A Hollywood star’s history lesson
Match the following quote with the person who said it:
1/ “Israel — its victories, its spirit — emboldened American Jews to embark on this introspective process, but for some of them, the Holocaust began replacing Israel as the centerpiece of Jewish identity.”
2/ “I think a really big question the Jewish community needs to ask itself is how much at the forefront we put Holocaust education. Which is, of course, an important question to remember and to respect, but not over other things…. We need to be reminded that hatred exists at all times and reminds us to be empathetic to other people that have experienced hatred also. Not used as a paranoid way of thinking that we are victims.”

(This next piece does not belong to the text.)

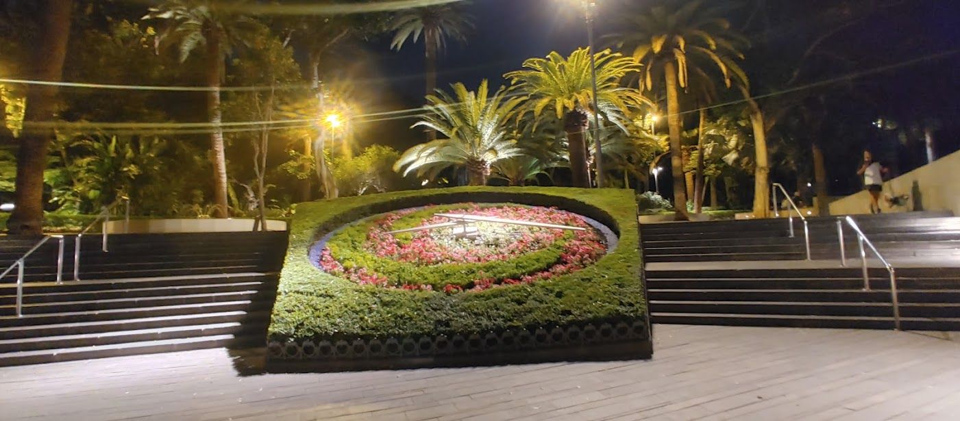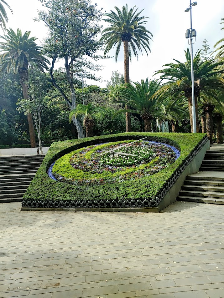 Barevné záhony, monumentální květinové hodiny, sochy moderního umění a vysoké palmy vytvářely klidný, až magický prostor, kde se dalo na chvíli vypnout. Ideální místo na ranní kávu nebo večerní procházku.
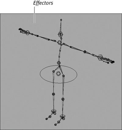 Figure 10.81. The effectors appear on your model in the appropriate spots. Take a moment to double-check that all the effectors you wanted were added, and that they are in the correct places.  | | | 4. | Select a hand effector, and set Pinning to unpinned in the Channel Box (Figure 10.82).

3/ “The teaching of the Holocaust to toddlers is not only inappropriate pedagogically, but it’s part of a cynical policy by Benjamin Netanyahu’s governments that instills fear and entitlement through indoctrination, to raise a generation ready for endless war.”
A/ Yossi Sarid, former Israeli education minister and an ex-leader of the Meretz party
B/ Michael Oren, former Israeli ambassador to the U.S.
C/ Natalie Portman, Hollywood actress and director
The aim of Holocaust education tends to be an insider Jewish debate. Should we teach it as a unique event or as part of a continuum of atrocity? Does “never again” apply only to the Jews, or is it a universal maxim? What is the relationship between the Shoa and the establishment of the State of Israel?
That we’re talking about it at this moment is a credit to an unusual Hollywood star — unusual in the sense that Natalie Portman is not only Israeli-born, but thinks deeply enough about her Judaism to utter the second quote above. It came in an interview with the UK magazine The Independent about her forthcoming adaptation of Amos Oz’s magisterial memoir A Tale of Love and Darkness, about growing up amid Israel’s fight for independence.
Her comments seem to have flowed from a discussion of Israeli politics, and especially her criticism of Israeli Prime Minister Benjamin Netanyahu. The great-granddaughter of Holocaust victims, and a product of Jewish day schools in the United States, the Jerusalem-born Portman ventured that Jewish schools teach a version of the Holocaust that distorts the reality of Jewish life today. “Sometimes [Holocaust education] can be subverted to fear-mongering and like ‘Another Holocaust is going to happen,’” said Portman.
And she worries that teaching the Holocaust as a unique event leaves Jewish students unprepared to acknowledge other atrocities. “We need to, of course, be aware that hatred exists, anti-Semitism exists against all sorts of people,” she said. “I don’t mean to make false equivalences; we need [Holocaust education] to serve as something that makes us empathetic to people rather than paranoid.”
Critics pounced. B’nai B’rith issued a statement saying it was “disappointed” with Portman for “questioning the prominence of Holocaust education within a Jewish education.” Colette Avital, the chairwoman of the Center of Organizations of Holocaust Survivors in Israel, agreed that “the education we give our children should not encourage a continuous sense of being the eternal victims.” However, she lectured, “Natalie should understand that the Holocaust which befell us cannot be compared to other tragedies — our empathy notwithstanding.”
And Efraim Zuroff, of the Simon Wiesenthal Center’s Jerusalem office, sniffed that Portman’s “success in the movie world does not turn her into an expert in history or on genocide.”
Portman wasn’t presenting herself as an expert in history, but as a witness to her own Jewish education. While it is essential to defend the uniqueness of the Shoa, it is folly to ignore the voice and experience of someone who attended our Jewish schools.
I know how hard schools strive to teach the horrors of Jewish history without squashing their students’ sense of Jewish joy and possibility, and how they try to instill hope without insulting the survivors who are still with us today.
And yet, it is not uncommon for supplementary and day school students to complain about “too much Holocaust.” I’ve heard from students — hell, my own kids — who’ve grown numb to the Shoa through sheer repetition.
They don’t disparage its victims or discount its importance, but bristle at an education that stakes the Jewish future on the sufferings of the past.
Menachem Rosensaft, general counsel of the World Jewish Congress, reminds Portman that the Shoa is the “ultimate consequence of bigotry and hatred as official public policy combined with international indifference and inaction.” But, in the same Jerusalem Post interview, he agrees that the Holocaust must be a proportionate part of Jewish education, as should “the plight of others generally.”
Portman isn’t the first to ask about the Holocaust and communal priorities. Michael Oren, the author of the first quote above, frets in his memoir that the emphasis on Holocaust commemoration comes at the expense of Zionist passion.Yossi Sarid is among those in Israel, especially on the Left, who charge that the Right exploits the Holocaust in service of a hawkish political agenda.
That doesn’t make Oren, Sarid, or Portman right, but it does suggest that we should be able to talk about the Shoa and Jewish identity without being patronized or dismissed.